Hüseyin ameliyathaneye biraz daha uzak bir duvar kenarında Demet'in yanında ayakta duruyordu. Şöyle bir salona doğru baktı. Herkes darmadağınıktı. Bir canın ne denli kıymetli olduğunu şu dört duvar arasında 30m2 alanda anlayabildi. Hele ki bu can herkesin canından bir parçaysa ister on ister yüz kişi olsun hepsine de aynı acıyı veriyordu. Tabi anne ve babasının çektiği yangının ne denli büyük olduğunun bilemezdi. Gözünün önüne ilk Demet geldi, hâlâ kaçırılmanın etkisinde kalmış yetmezmiş gibi birde arkadaşı vurulmuştu. Durgun bir halde gözlerinin bir noktaya dikmiş bakıyordu. Az ileride okul arkadaşları, öğretmenleri ve mahalleden komşular vardı. Teyzeler Yasin okumaya çoktan başlamışlar. Zeliha teyze ve Ayşe darmaduman.

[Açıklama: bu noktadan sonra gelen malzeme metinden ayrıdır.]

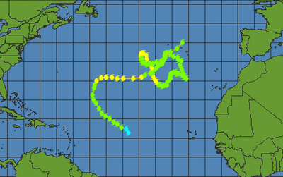 Tropensturm "Nadine" hatte eine ungewöhnliche Zugbahn und war vor allem bei den Azoren aufgrund sehr schwacher, wechselnder Höhenwinde einige Zeit quasi stationär. Bildquelle: Weather Underground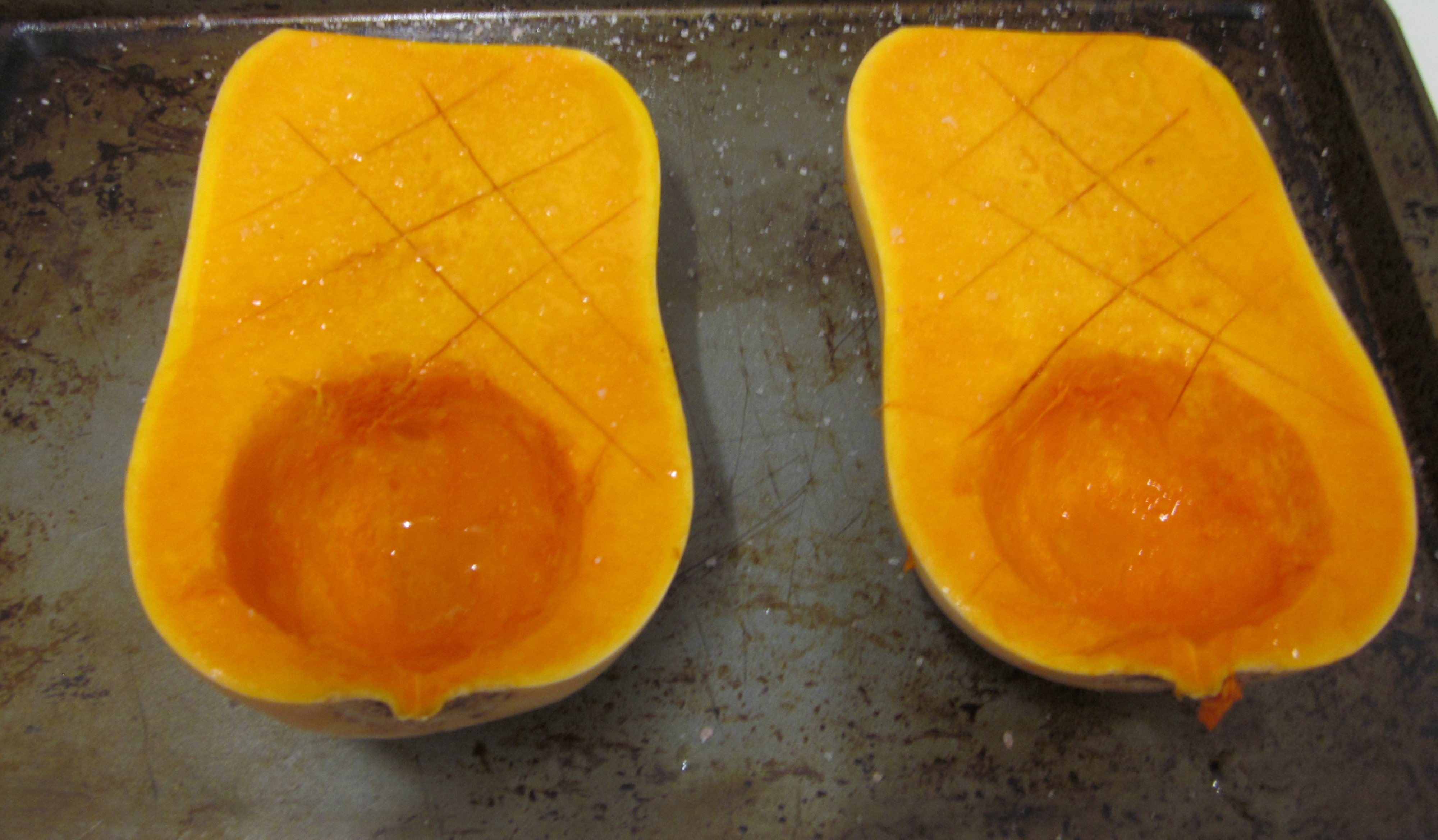 - Cut the butternut pumpkin in half and scoop out the seeds and fibres. Score the surface and drizzle with olive oil to coat and season with salt.

Az ötesinde kapıya daha yakın olan Hatice teyze oğluna en yakın olan oydu, baba Kadir onun başında. Bir masum can için içeriden haber bekliyorlardı. Batuhan'ın annesi kapının kenarında dizlerinin üzerinde saçı başı dağınık bir vaziyette çökmüş bir şekilde oturuyor. Eşinin üzerine örttüğü cekete sarılmış şoka girmiş yaralı gibi olduğu yerde inliyordu. Oğlunun iyi olması için Allah ile anlaşmaya çalışıyor. Oruçlar tutacağını, kurbanlar keseceğini, fakir doyuracağını söylüyordu. Tek isteği Rabbinin bir kere daha ona evladını vermesiydi. Canını bağışlamasıydı.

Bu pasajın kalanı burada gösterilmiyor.